Kedua; Dirumah bersahabat dan bergaulah dengan istri atau suami bagi yang sudah dalam jenjang Grhasta dalam Catur Asramanya, ini maksudnya agar terjadi komunikasi dua arah antara suami dan istri dalam kehidupan rumah tangganya, karena banyak fenomena konflik yang terjadi di rumah tangga karena mereka satu sama lain tidak mau bergaul dan bersahabat. Kalau dalam pergaulan antara suami dan istri diabaikan, apalagi kalau punya kelainan kaki, dimana kalau di rumah kaki panas, tapi kalau diluar kaki hangat, yang terjadi sering keluar rumah dan jarang-jarang dirumah (Jarum super). Jarang di rumah adalah awal tidak terjadinya pergaulan dan kumunikasi antara suami dan istri, pada akhirnya menjadi bibit konflik dan pada akhirnya berujung pada pertikaian dan kehancuran rumah tangga.
Ketiga; Sahabat/pergaulan bagi orang sakit adalah bersahabat/bergaul sama obat. Makna yang terkandung dalam sastra ini sangat dalam. Orang sakit pengertian sangat luas, yang sakit apanya? kalau tubuhnya yang sakit demam misalnya maka cari obat dirumah sakit atau apotek, tapi kalau jiwanya yang sakit maka bersahabat/bergaulah kepada yang obat yang dapat menyembuhkan penyakit kejiwaannya. Tetapi banyak yang sakit di dunia ini salah bergaul sama obat, sehingga banyak jadi salah arah, seperti orang-orang yang sakit bergaul dengan obat narkoba.

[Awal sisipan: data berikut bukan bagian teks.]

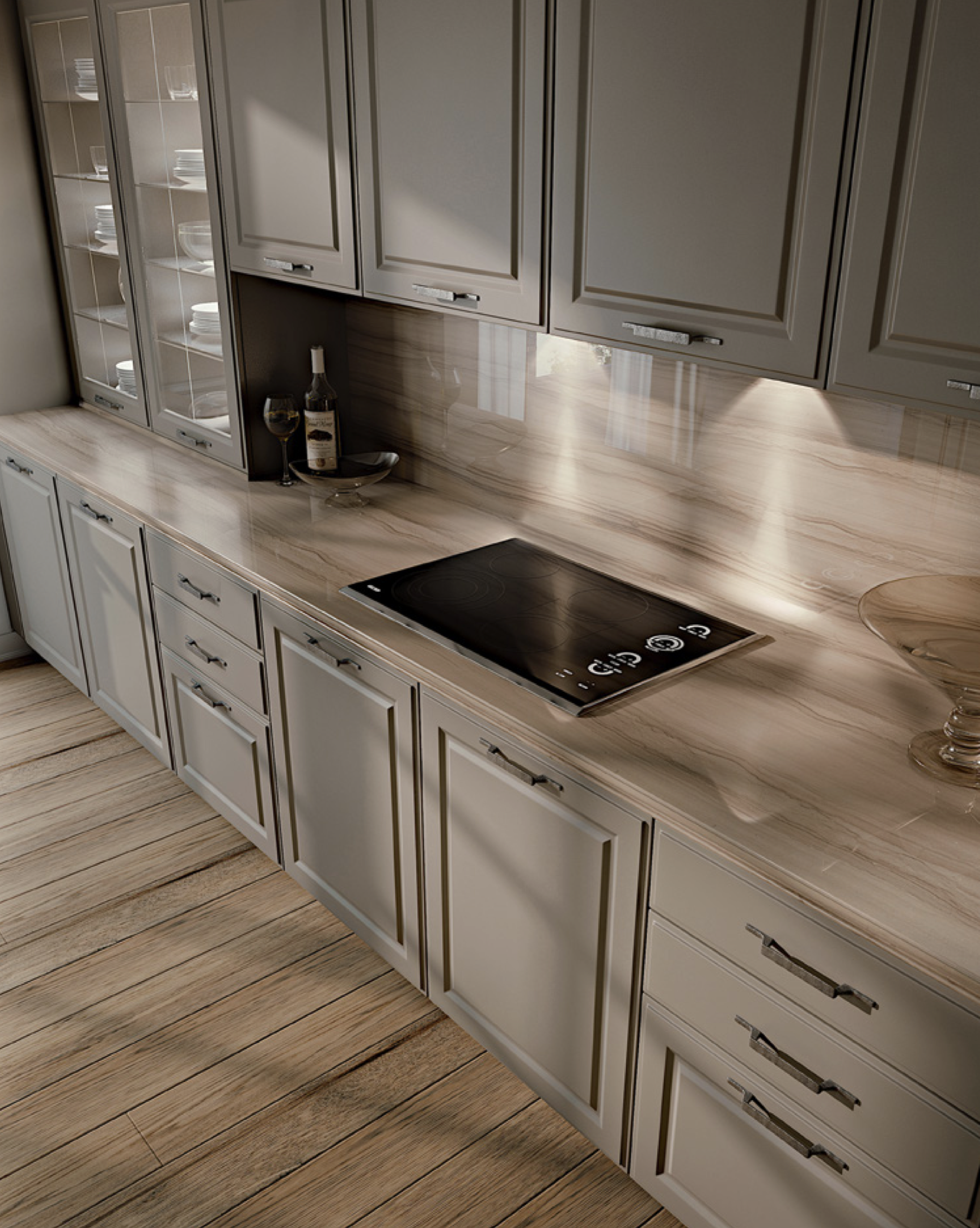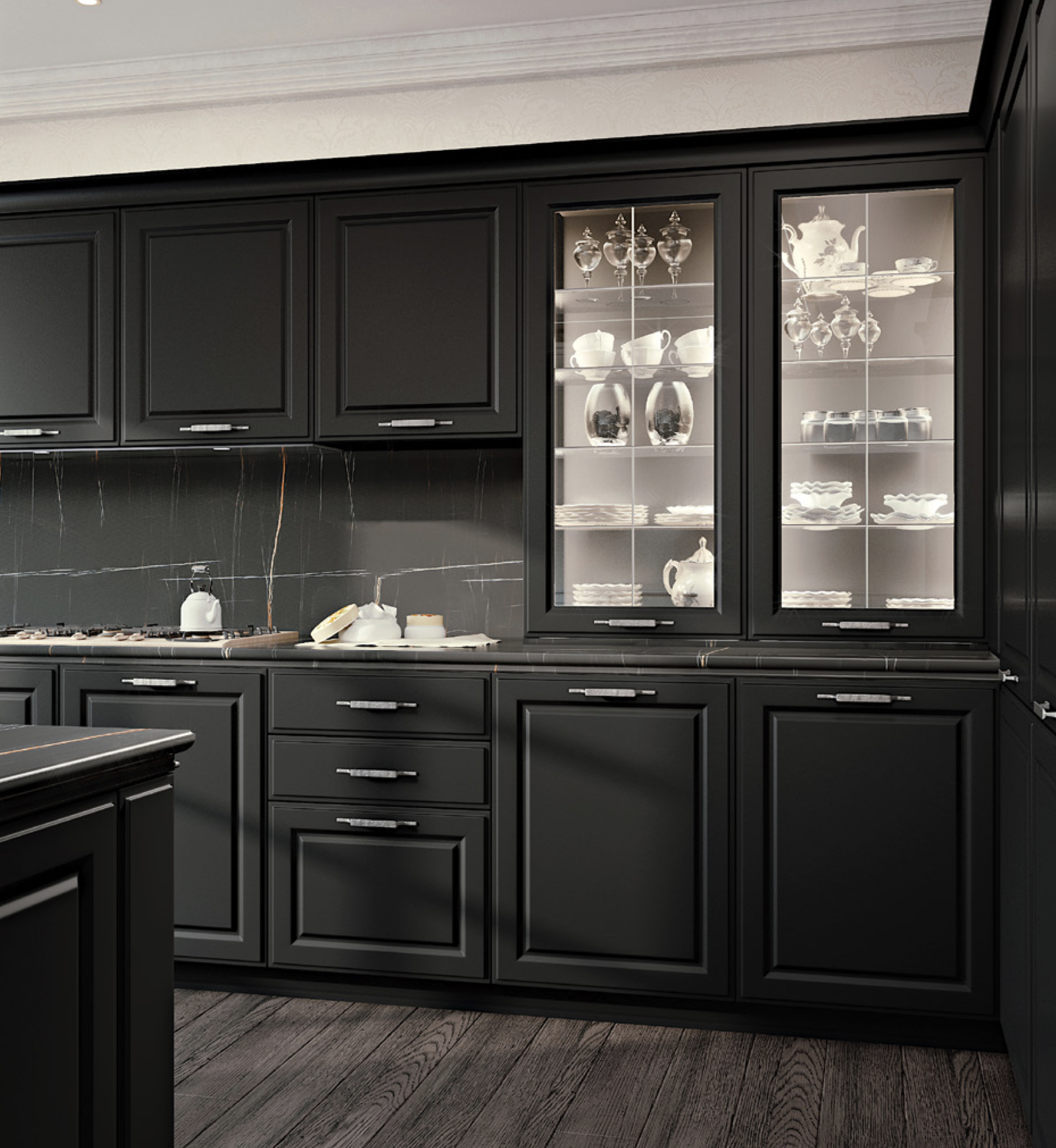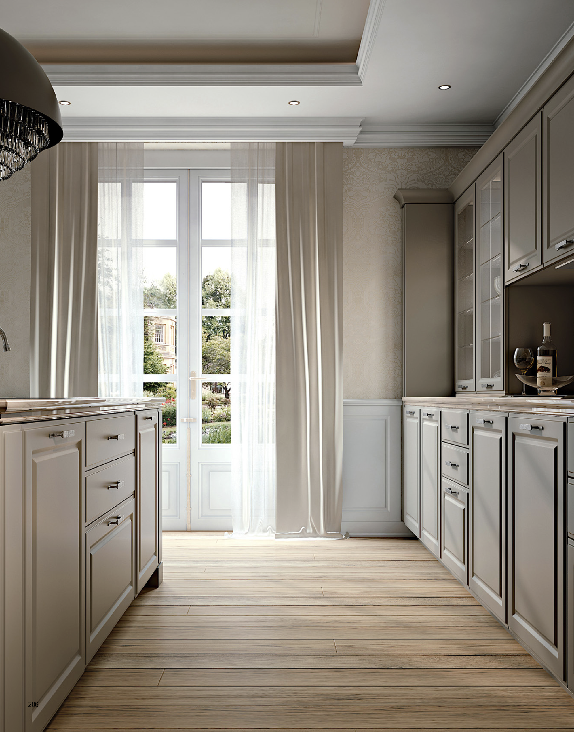 A solution designed for those who love a warm, enveloping style with definite British references. A kitchen endowed with plenty of modularity and many characterizing elements, which can be further customised by matching lacquer finishes with different materials for countertops and backsplashes.

 Kempat; orang yang sedang menghadapi kematian satu-satunya teman bergaul adalah ajaran-ajaran kebenaran/dharma. Sastra ini juga berpesan kepada orang-orang yang sudah menginjak usia senja (jompo) jangan salah bergaul, atau berfikir macam-macam tentang keduniawian, karena kalau salah bergaul akan menyebabkan penderitaan, seperti stres, struk,, seda dan setra. Pesan dari sastra ini adalah bagi orang yang secara fisik sudah senja atau menuju kematian, bersahabat dan bergaullah dengan ajaran-ajaran kebenaran/dharma, karena kematian akan membawa karma wasana bukan kemewahan duniawi.
Berdasarkan uraian tersebut di atas, maka dapat disimpulkan bahwa, dalam ajaran Hindu kita diajarkan untuk menjalin hubungan yang baik dengan sesama berupa pergaulan. Pergaulan yang dimaksud adalah dengan senantiasa mengembangkan rasa cinta kasih, dan sangat dipantangkan kita untuk bergaul dengan orang-orang jahat, karena akan membawa pengaruh yang tidak baik bagi pribadi seseorang. Etika pergaulan dalam hal ini adalah bagaimana kita dapat menempatkan diri, dan mengetahui rambu-rambu pergaulan, sehingga kita tidak salah dalam menjalin pergaulan itu. Sesungguhnya apabila itu dipahami dan dilaksanakan maka akan terwjud cita-cita hidup yang harmonis. Mari kita lakukan dan wujudkan itu semua.